Hey all, didn't want to monologue on the call, so I thought I would
try and jot down some thoughts in email.

I haven't made a concrete decision about what direction I would want
things to go, but would say I'm generally supportive of reducing
redundancy by outsourcing more or most of the Network Security
Guidelines to other standards where they are indeed redundant. And I
certainly have no objections to doing a short term fix for
non-controversial changes - but the emphasis is on non-controversial,
I think it would be very distracting if we spent more than a month or
so debating what is and isn't controversial and getting that fix out
the door.

But coming from a pentesting background, I am extremely skeptical that
existing auditing requirements would encompass many of the attack
vectors I am concerned about in CA infrastructure.

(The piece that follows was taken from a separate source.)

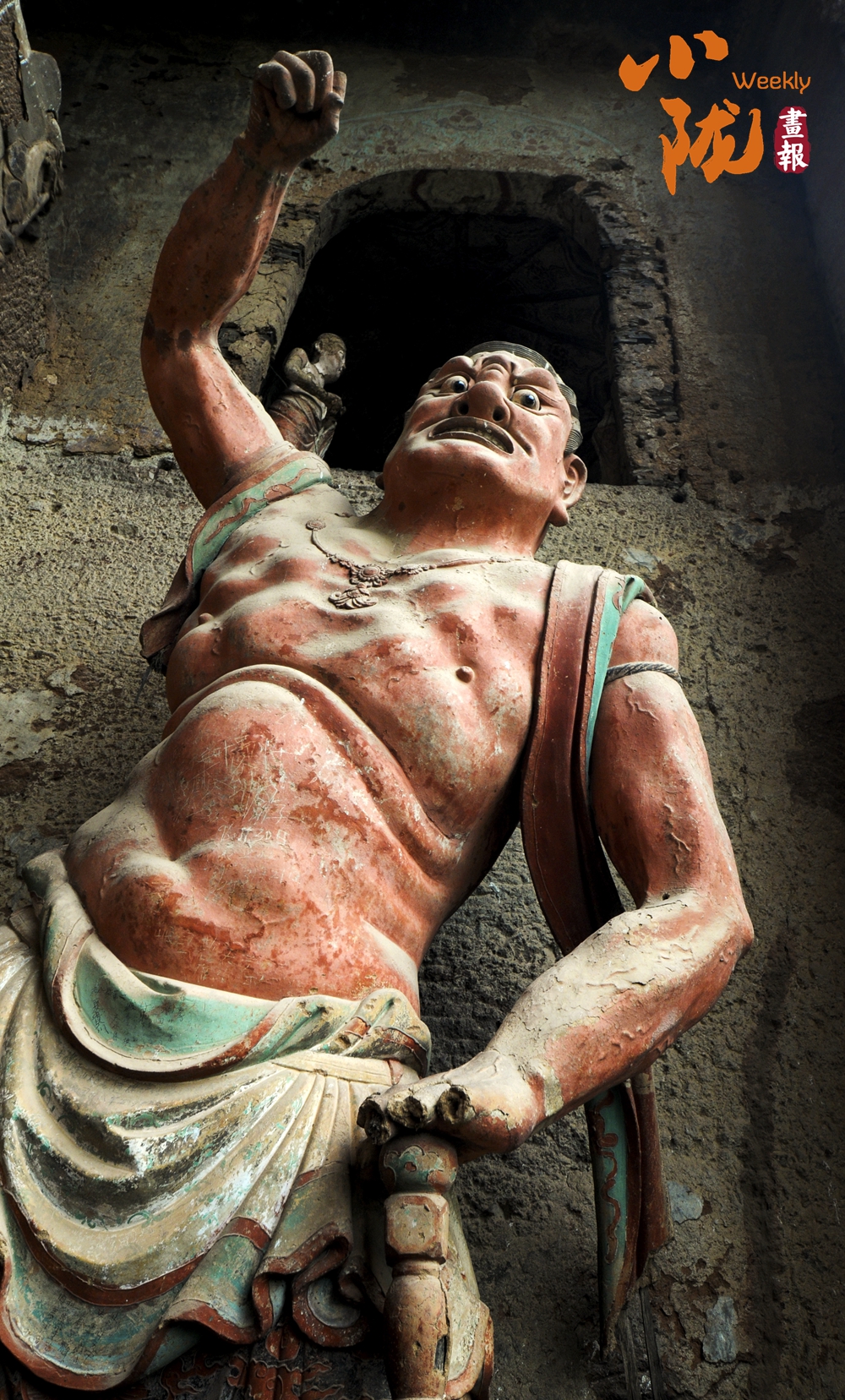 麥積山的塑像,除早期作品外,從北魏開始,幾乎所有的佛像都是俯首下視的體態(tài),有和藹可親的面容,并且面帶微笑。雖為佛祖,卻像世俗的人,是人們美好愿望的化身。

How to capture those concerns I don't have a strong opinion on at the
moment, but I would like, at the least, to document them in some
capacity (probably with an accompanying story) and have them reviewed
officially by CAs in some capacity, if not having specific actions
required.

I tend to be work backwards from the most valuable assets and operate
from a 'line in the sand' perspective. If the attacker compromises
'above' the line in the sand, there are authz/authn/policy/sanity
checks that prevent 'the bad things from happening' (here issuance).
If they compromise 'below' the line in the sand, they can issue.

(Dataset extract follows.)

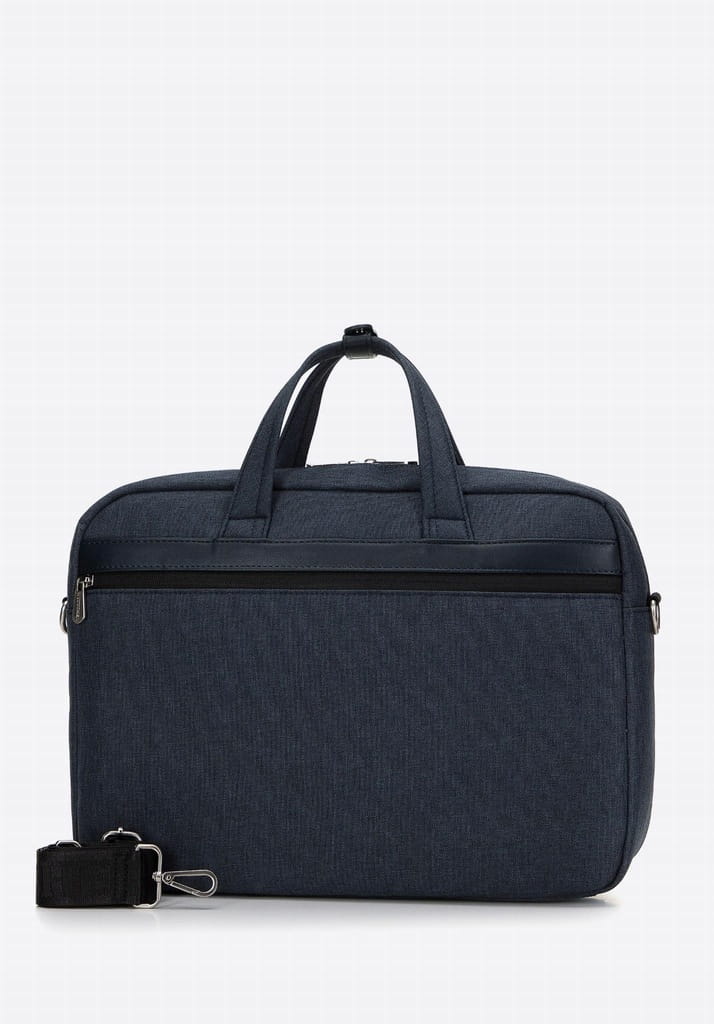 Lekka i pojemna torba męska na laptopa 15,6" to doskonały wybór dla osób ceniących połączenie elegancji i funkcjonalności. Ta duża torba biznesowa nie tylko pomieści komputer o maksymalnych wymiarach 37 cm x 27 cm, w miękko wyścielanej kieszeni, ale też pomoże w dobrej organizacji dokumentów A4 i innych przyborów niezbędnych do pracy. W środku znajdziesz także dwie otwarte kieszonki na drobiazgi. W zewnętrznych kieszeniach na zamek: przedniej i od strony ciała, możesz także schować drobne rzeczy osobiste. Torba ma kolor granatowy. Wykonana została z wytrzymałego poliestru. Prosty fason dopełniają stylowe wstawki ze skóry ekologicznej, które świetnie podkreślają nowoczesny wygląd dodatku. Odpinany, materiałowy pasek regulowanej długości zapewnia komfortowe noszenie na ramieniu. Postaw na męską torbę na laptopa WITTCHEN 98-3P-500-7 i ciesz się ponadczasowym dodatkiem każdego dnia.

So to be explicit, some of the concerns I have are around:
- Administration of systems governing issuance below the line in the
sand. Administration via ssh keys, puppet or similar tools, IPMI, etc.
E.g. Can I compromise Joe's work laptop and login to the issuance box
OR to the puppet host and push a config change to the issuance box.
- The authentication systems that govern control to the above systems,
both the issuance systems and the systems which administer them. E.g.
Can I compromise Joe's work laptop, login to the ldap system, grant a
fake user account permission to login to the puppet box, login to the
puppet box and push a configuration change.

And similar, but I think those are good examples.